The nation’s eyes were on Heights native Ed Gonzalez on July 15, when he faced questions from United States senators during a confirmation hearing to become to next director of U.S. Immigration and Customs Enforcement (ICE).

Gonzalez, who has served as Harris County Sheriff since he first was elected to that role in 2016, was nominated to lead ICE in April by President Joe Biden. The U.S. Senate Committee on Homeland Security and Governmental Affairs peppered Gonzalez with questions during last week’s two-hour confirmation hearing in Washington, asking him about his law enforcement philosophy, his visions for ICE and his past criticisms of the organization, among other topics.

ICE has not had a senate-confirmed director in more than four years.

“If confirmed, I would welcome the opportunity and consider it the opportunity of a lifetime to work with the men and women of ICE,” Gonzalez said during the hearing. “I would like to see us become a preeminent law enforcement agency that works effectively.”

Gonzalez touted his leadership skills, collaborative mentality and experience in law enforcement and public service, including his time as a homicide detective for the Houston Police Department, his stint on the Houston City Council and his role as sheriff, in which he manages an operating budget of more than $570 million and oversees one of the country’s largest jails.

He was questioned about his decision a few years ago to end Harris County’s partnership with ICE under the 287(g) program, in which the ICE cooperates with state and local authorities to enforce immigration laws.
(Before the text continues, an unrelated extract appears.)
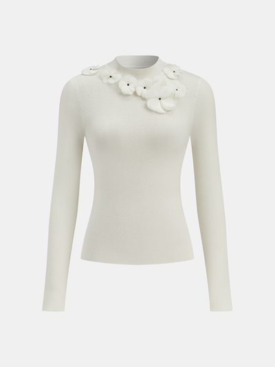 Metal Detail Mock Neck Puff Sleeve Sweater

Gonzalez cited budget concerns and resource allocation among his reasons, saying the Houston area has a diverse immigrant community and he wanted the sheriff’s office “to remain focused to have the avenues necessary to arrest serious offenders in our community.”
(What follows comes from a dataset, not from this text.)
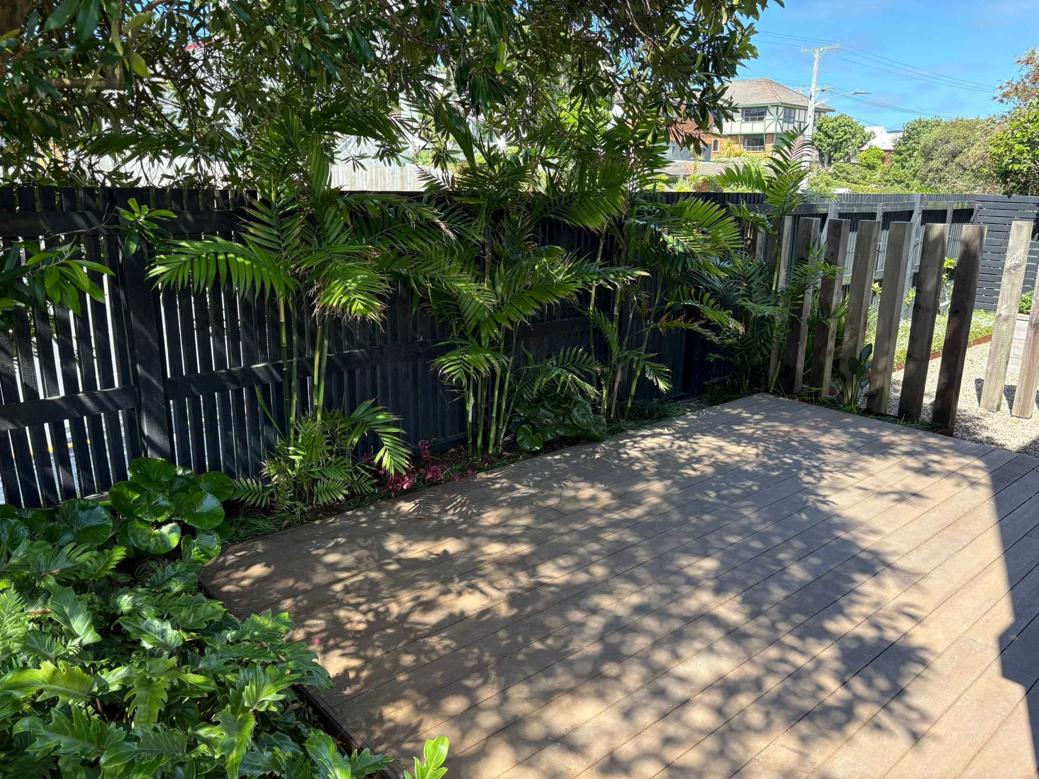 This Tauranga garden upgrade transforms the outdoor space into a tropical, lush retreat. With a new stairway, bluestone pathways, raised corten pots, veggie beds, the design blends beauty and function. Layered, low-maintenance planting adds vibrant colour and texture, and screening acts as both a feature and to create practical yet stylish spaces. A balance of tropical luxury and easy-care living, designed to complement the home’s modern architecture.

When asked if he would end the program altogether as director of ICE, Gonzalez said, “That would not be my intent.”

Gonzalez said he would seek to strike a balance between upholding U.S. immigration laws and operating with compassion toward immigrants. He also said he would rely on data to help ICE operate as efficiently as possible.

When asked how he would define success as ICE director, Gonzalez said his “North star is always public safety.” He said he would aim to keep communities safe while also improving ICE’s engagement within communities, so those who encounter the organization are not fearful of it.

“I’m a proven and effective leader, battle tested and know how to get things done,” Gonzalez said. “We can be firm on crime, we can be firm in enforcement, but we don’t have to lose our humanity and compassion as well.”

If Gonzalez is confirmed as ICE director, the Harris County Commissioners Court will appoint a replacement for him as county sheriff.